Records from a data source
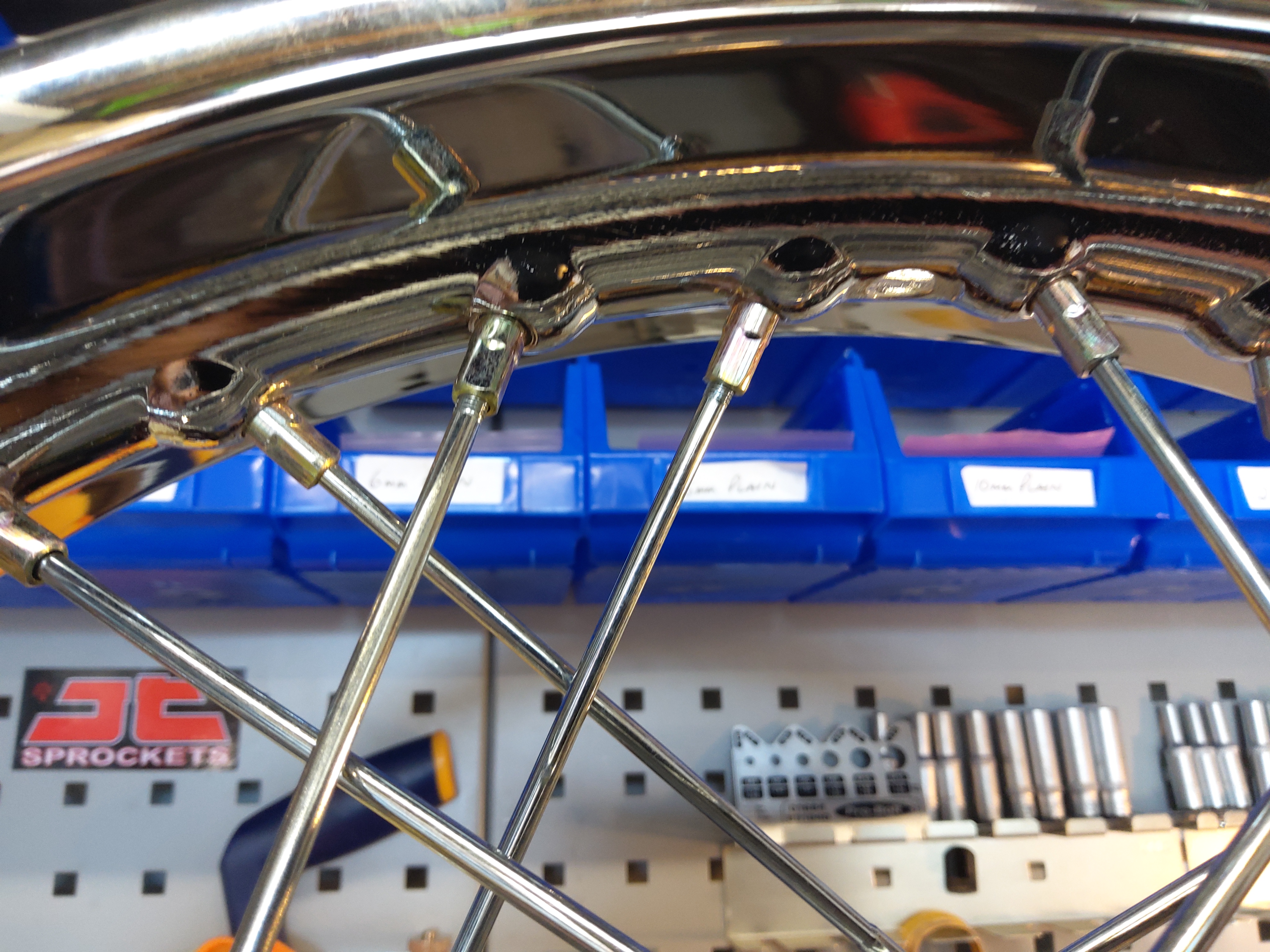 the correct way to install a tyre gripper is first the protective rubber band, the tire gripper through the rubber band and the rim, a spring washer and a 8mm nut. You can always put a plain washer between the rim and the spring washer in order to protect the chrome but that's up to you.
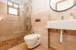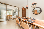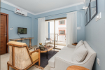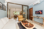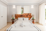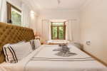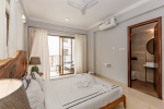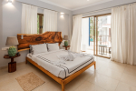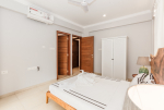 Bedrooms – There are 2 en-suite bedrooms in this apartment. They are both air-conditioned. The bedrooms have large comfortable beds, side tables with lamp shades, wardrobe, sitting area, and a rug. There are attached balconies with seating, overlooking greenery and the swimming pool. Whitewashed walls provide a soothing touch, allowing a good sleep.
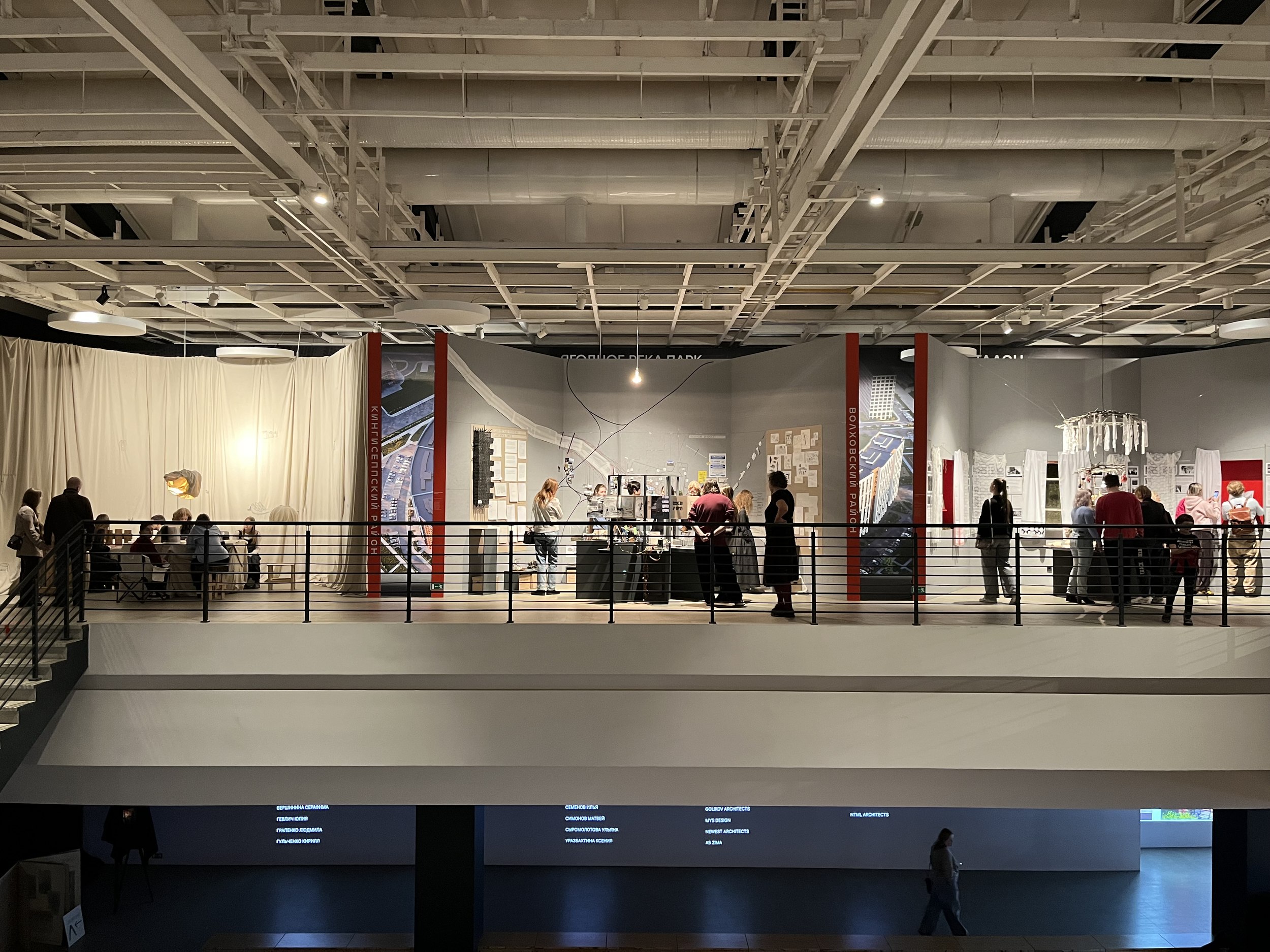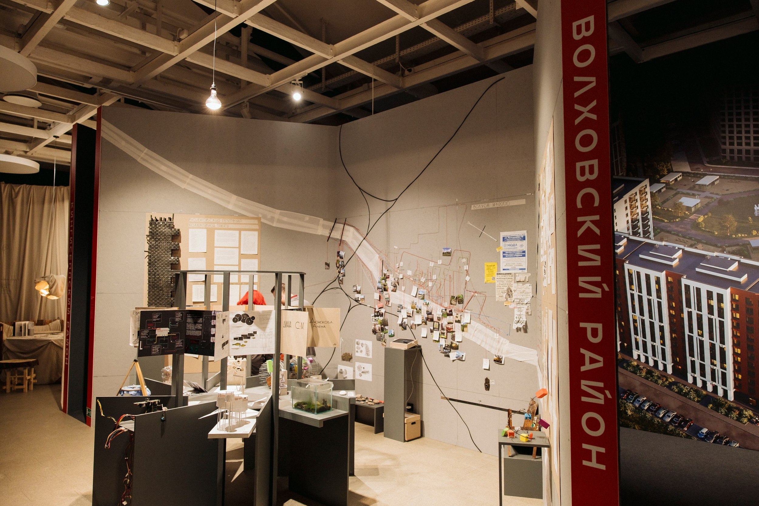 У выставки «Область» есть еще одно измерение. Один из кураторов фестиваля Сергей Падалко предложил разместить в зазорах между экспозициями студентов стенды с объектами застройщиков – спонсоров «Архитектона». И это, конечно, тоже часть Ленинградской области.
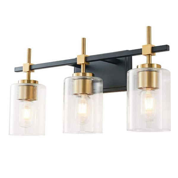 21 in. 3 Light Matt Black Paint/Gold Plating Vanity Light with Clear Ribbed Galss Shade
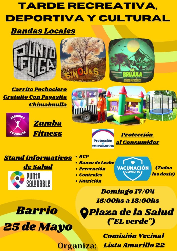 Para este domingo 17 de abril programaron actividades en la plaza “El Verde” para que los vecinos participen y conozcan las propuestas que tiene la lista Amarilla. La jornada comenzará a las 15 y contará con bandas locales stand informativo de salud, punto saludable, un rincón para los chicos, pelotero, cama elástica y actividades deportivas y culturales.
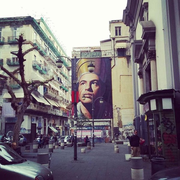 Πρόκειται για ένα τεράστιο έργο, που καλύπτει έναν τοίχο τριώροφου κτηρίου και απεικονίζει τον Σαν Τζενάρο, τον πολιούχο της Νάπολης. Το σχέδιο όμως του αγίου και η φυσιογνωμία του θυμίζουν πολύ τον Έλληνα πρωθυπουργό, με αποτέλεσμα όσοι το βλέπουν για πρώτη φορά να… μπερδεύονται!
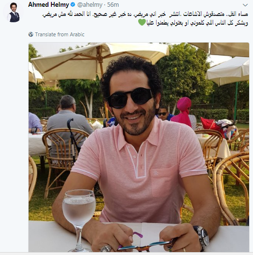وكتب حلمي قائلاً: "مساء الفل.. متصدقوش الإشاعات .. انتشر خبر إني مريض.. ده خبر غير صحيح.. أنا الحمد لله مش مريض.. وبشكر كل الناس اللي كلموني أو بعتولي يطمنوا عليا".
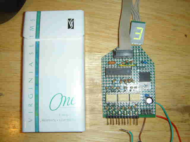 四苦八苦しながらも、なんとか試験ボードでの動作が出来るようになったので、いよいよ取り付けです。パーツを穴あき基板に並べてハンダ付け。ま、実際は、これもやってみたら動かずに、部品を外して付けなおしたりプログラムの手直しとか大変でした。
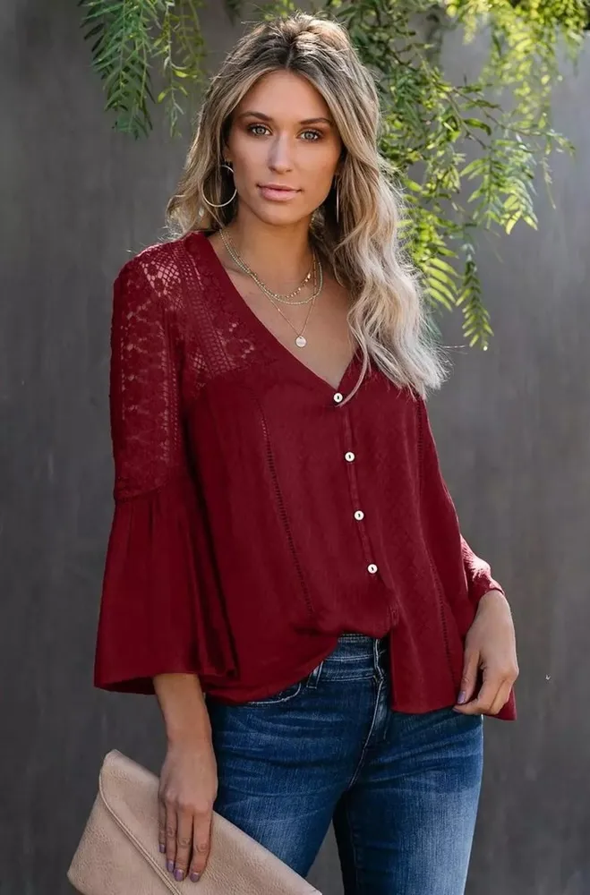 VICI Lovestitch Du Jour Crochet Bell Sleeve Button Front Boho Top Flowy. Merlot Burgundy. Size mediu... Show more
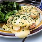 Wild-caught salmon pastrami, Texas tarragon, chives, hollandaise, grilled English muffin, fermented black pepper. Served with fresh mixed greens salad | *GF English muffin available
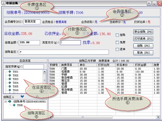 收银结账→宾客结帐:终结客户当前的消费活动,并进行收款及自动还原包厢项目(手牌)的占用状态为可供状态。 |
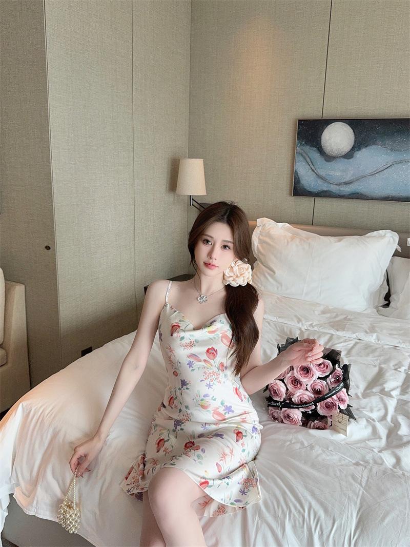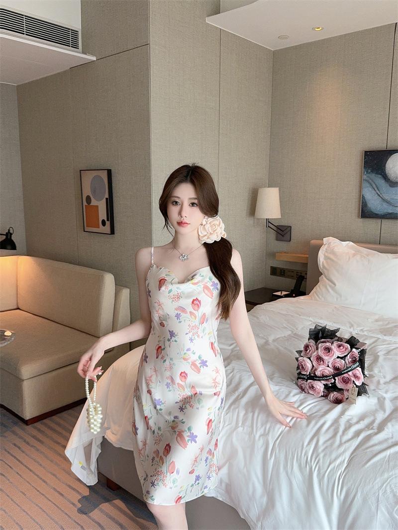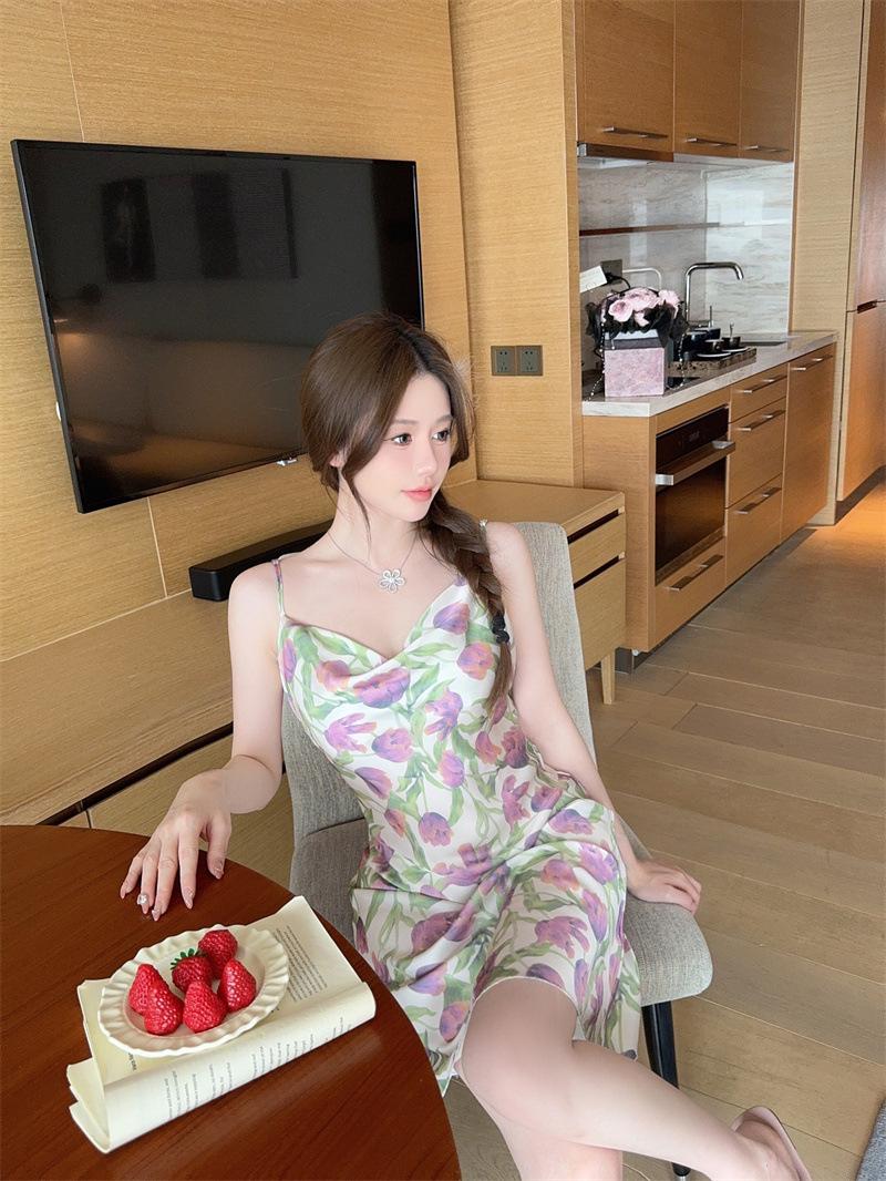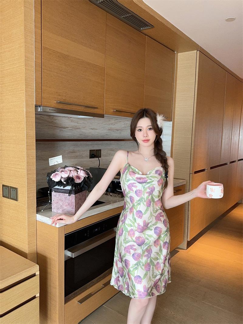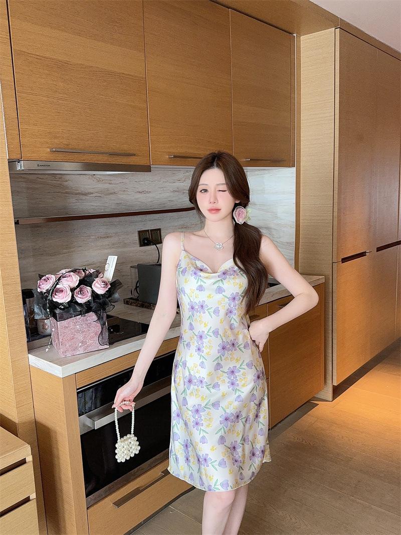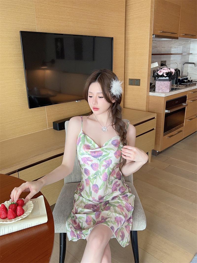Camisón sexy con cuello halter para mujer, estampado de seda hielo, Pure Desire, con tirantes, primavera 2024, ropa de hogar nueva, transfronteriza

Task item:
Write out again every line above exactly as given; the pictures do not belong in the copy.

Solution for this problem:
 the correct way to install a tyre gripper is first the protective rubber band, the tire gripper through the rubber band and the rim, a spring washer and a 8mm nut. You can always put a plain washer between the rim and the spring washer in order to protect the chrome but that's up to you.
 Bedrooms – There are 2 en-suite bedrooms in this apartment. They are both air-conditioned. The bedrooms have large comfortable beds, side tables with lamp shades, wardrobe, sitting area, and a rug. There are attached balconies with seating, overlooking greenery and the swimming pool. Whitewashed walls provide a soothing touch, allowing a good sleep.
 У выставки «Область» есть еще одно измерение. Один из кураторов фестиваля Сергей Падалко предложил разместить в зазорах между экспозициями студентов стенды с объектами застройщиков – спонсоров «Архитектона». И это, конечно, тоже часть Ленинградской области.
 21 in. 3 Light Matt Black Paint/Gold Plating Vanity Light with Clear Ribbed Galss Shade
 Para este domingo 17 de abril programaron actividades en la plaza “El Verde” para que los vecinos participen y conozcan las propuestas que tiene la lista Amarilla. La jornada comenzará a las 15 y contará con bandas locales stand informativo de salud, punto saludable, un rincón para los chicos, pelotero, cama elástica y actividades deportivas y culturales.
 Πρόκειται για ένα τεράστιο έργο, που καλύπτει έναν τοίχο τριώροφου κτηρίου και απεικονίζει τον Σαν Τζενάρο, τον πολιούχο της Νάπολης. Το σχέδιο όμως του αγίου και η φυσιογνωμία του θυμίζουν πολύ τον Έλληνα πρωθυπουργό, με αποτέλεσμα όσοι το βλέπουν για πρώτη φορά να… μπερδεύονται!
وكتب حلمي قائلاً: "مساء الفل.. متصدقوش الإشاعات .. انتشر خبر إني مريض.. ده خبر غير صحيح.. أنا الحمد لله مش مريض.. وبشكر كل الناس اللي كلموني أو بعتولي يطمنوا عليا".
 四苦八苦しながらも、なんとか試験ボードでの動作が出来るようになったので、いよいよ取り付けです。パーツを穴あき基板に並べてハンダ付け。ま、実際は、これもやってみたら動かずに、部品を外して付けなおしたりプログラムの手直しとか大変でした。
 VICI Lovestitch Du Jour Crochet Bell Sleeve Button Front Boho Top Flowy. Merlot Burgundy. Size mediu... Show more
 Wild-caught salmon pastrami, Texas tarragon, chives, hollandaise, grilled English muffin, fermented black pepper. Served with fresh mixed greens salad | *GF English muffin available
 收银结账→宾客结帐:终结客户当前的消费活动,并进行收款及自动还原包厢项目(手牌)的占用状态为可供状态。 |
Camisón sexy con cuello halter para mujer, estampado de seda hielo, Pure Desire, con tirantes, primavera 2024, ropa de hogar nueva, transfronteriza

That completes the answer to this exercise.